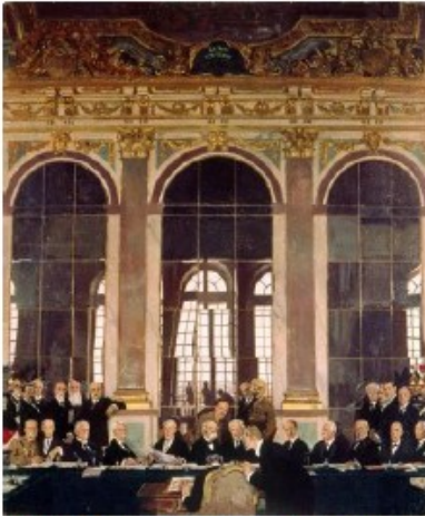
La signature du traité de Versailles (Tableau de W. Orpen, 1919)

La guerre a fait près de 10 millions de morts, dont au moins 1,5 millions de français et 6 millions de grands blessés. Les destructions matérielles sont considérables et les populations traumatisées. L'Europe est alors en déclin. Humiliée par le traité de Versailles, l'Allemagne souhaite prendre sa revanche sur les Alliés.
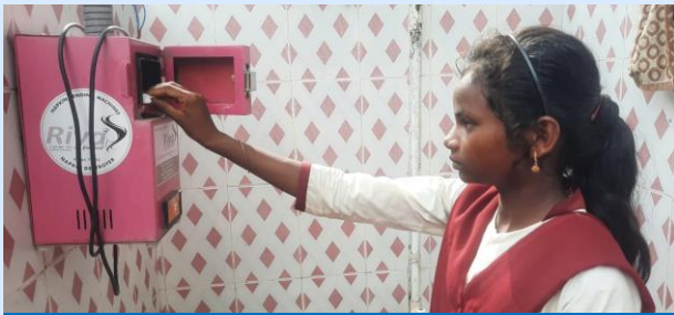
Chuppi Todo Swasth Raho Campaign

Swachh Bharat Mission (G) Govt. of Jharkhand initiated “Chuppi Todo Swasth Raho” awareness campaign in 2019 to help community break the taboos circling around menstruation. Each year the campaign is initiated on the occasion of World MH day with specific theme. Our Jal Sahiya, Rani Mistri and Swachhgrahi’s have played a pivotal role in bringing people together.
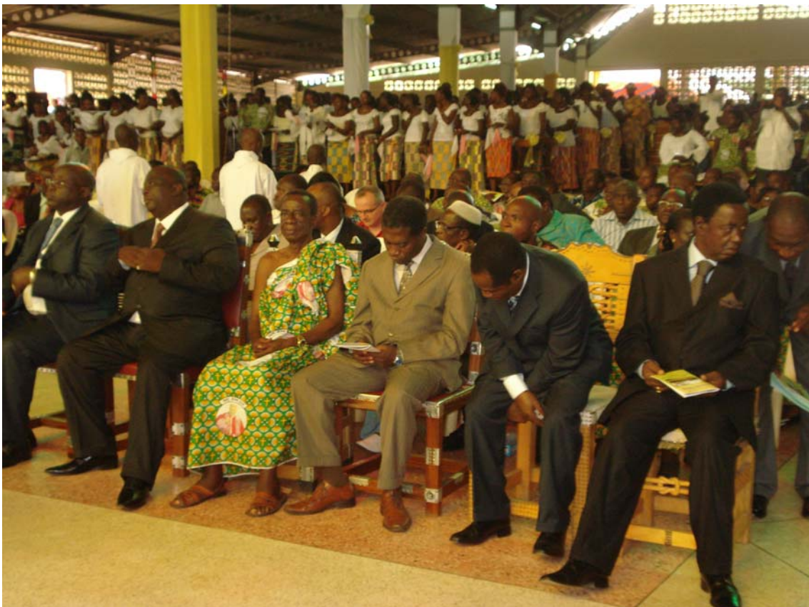
Autorità civili nazionali e locali

-- WORK ITEM --
Please repeat every record exactly as it stands, leaving out any pictures.

-- SOLUTION BELOW --
La signature du traité de Versailles (Tableau de W. Orpen, 1919)

La guerre a fait près de 10 millions de morts, dont au moins 1,5 millions de français et 6 millions de grands blessés. Les destructions matérielles sont considérables et les populations traumatisées. L'Europe est alors en déclin. Humiliée par le traité de Versailles, l'Allemagne souhaite prendre sa revanche sur les Alliés.
Chuppi Todo Swasth Raho Campaign

Swachh Bharat Mission (G) Govt. of Jharkhand initiated “Chuppi Todo Swasth Raho” awareness campaign in 2019 to help community break the taboos circling around menstruation. Each year the campaign is initiated on the occasion of World MH day with specific theme. Our Jal Sahiya, Rani Mistri and Swachhgrahi’s have played a pivotal role in bringing people together.
Autorità civili nazionali e locali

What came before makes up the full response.